Just don't treat these allowable freedoms as excuses to indulge yourself unadultered. Don't turn a simple cheat meal into a cheat day(s). Think about it, if you eat good foods and live a healthy lifestyle the majority of the time then those other times when you just feel like indulging in something won't hurt you.
 
I had bullemia a couple of years ago. I wnt down about 25lb before I saw myself in a home movie my parents took. I was stunned, checked. I't always hard to look in the mirror and se how you really look. I came out of it for 1 year and went back into it again. The best thing for mewas knowledge. I started to read everything about the body, nutrition and strength training. I understood for the first time what happends if you mass eat and then puke it up. It's also a matter of live and death, and the chanse getting diabetes. The insulin spikes going thru the roof, and then the opposite situation, going down very low when puking up the foods.
 
Vageta's got it right. Living and eating can't be 'all or nothing'. I wasted nearly 20 years of my life bouncing between anorexia and bulimia. I was constantly thinking about food, what I'd eaten, not eaten, my next binge, my last binge...on and on.

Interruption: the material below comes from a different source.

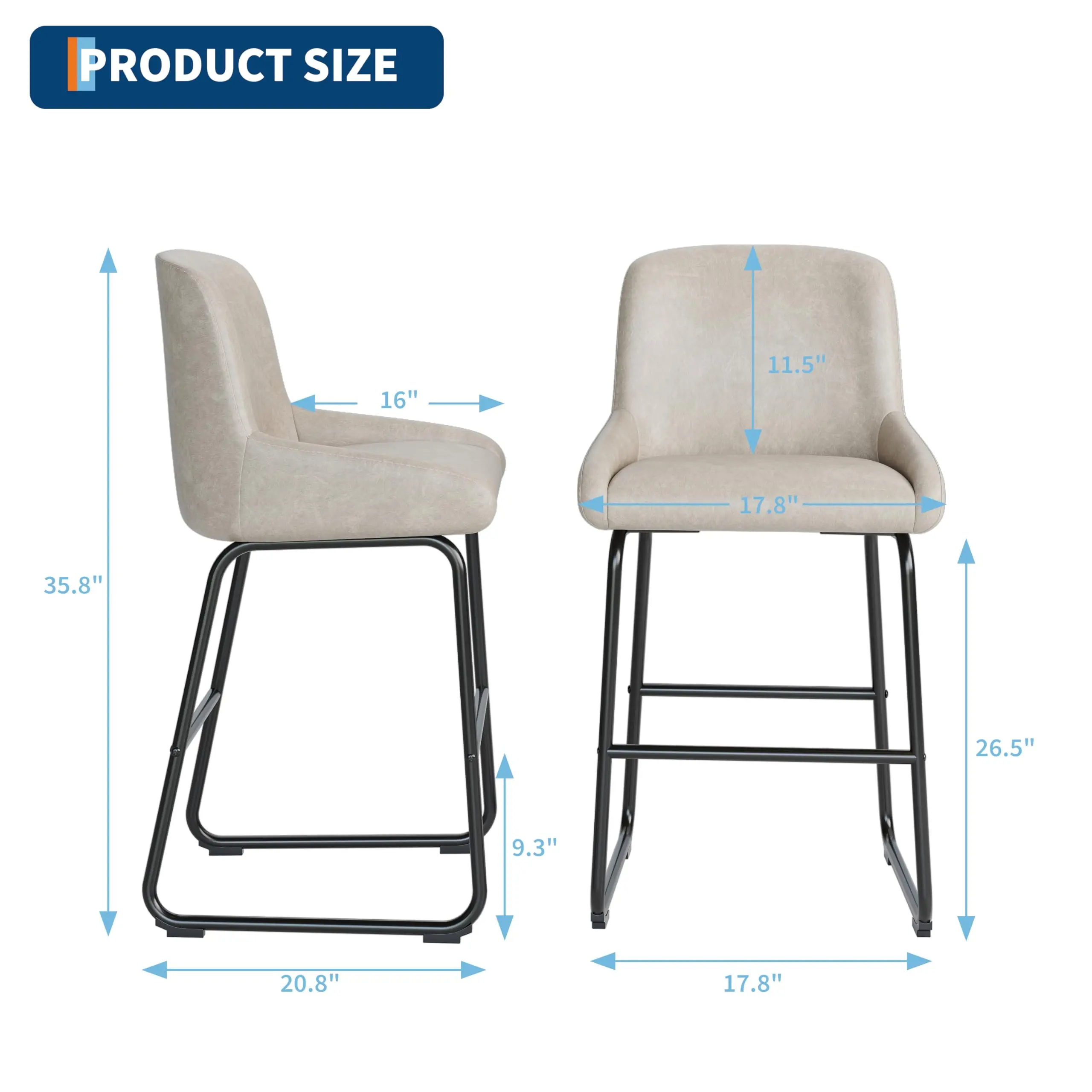 Optimal Counter Height Design: These counter height bar stools feature a 26.5" seat height, perfect for 36-39" kitchen islands or counters. Please check your island height before ordering to ensure a seamless fit for your home dining, breakfast nook, or entertainment spaces

With the weight training, I found a new obsession. It became my goal to make my body into the strongest, fastest "me" I could be. I started tracking my training in a training log, and because I'm very competitive with myself, I wanted to see improvement for my efforts. By having it on paper, I could see my training efforts were being shot to hell by my diet.

I started improving my diet one change at a time. For instance, eating a healthy breakfast every day. The rest of the day I ate my usual. I did that for awhile and then I'd make another small change, and so it went. Each thing I did, I noticed a difference in how I felt and in my training, which was really motivating. There was no set time schedule, and I wouldn't allow too many changes at once.

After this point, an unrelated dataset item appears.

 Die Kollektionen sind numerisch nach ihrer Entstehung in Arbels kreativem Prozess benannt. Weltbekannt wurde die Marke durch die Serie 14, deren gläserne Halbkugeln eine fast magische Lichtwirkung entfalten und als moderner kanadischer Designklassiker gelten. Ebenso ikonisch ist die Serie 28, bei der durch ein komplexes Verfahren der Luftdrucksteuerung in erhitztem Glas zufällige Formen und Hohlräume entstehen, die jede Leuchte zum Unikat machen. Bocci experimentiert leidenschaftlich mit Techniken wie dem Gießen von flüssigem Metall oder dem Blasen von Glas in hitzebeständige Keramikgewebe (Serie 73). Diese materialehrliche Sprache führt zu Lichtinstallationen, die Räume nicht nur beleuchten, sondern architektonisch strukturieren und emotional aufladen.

Because I was actually feeding my body some nutrition, I craved "bad" food less and less. I binged less, and didn't feel like I was depriving myself. I think the secret to my success is having a small treat every day. It's built into my diet. Also there are no "bad" foods. If I want it, I eat it, but only if I eat my "good" food as well. This is what's worked for me. I had plenty of slip-ups along the way, but changing my goal from making my body thin and weak to making it healthy and strong kept me moving in the right direction. Each slip became smaller and less frequent. Hope this helps!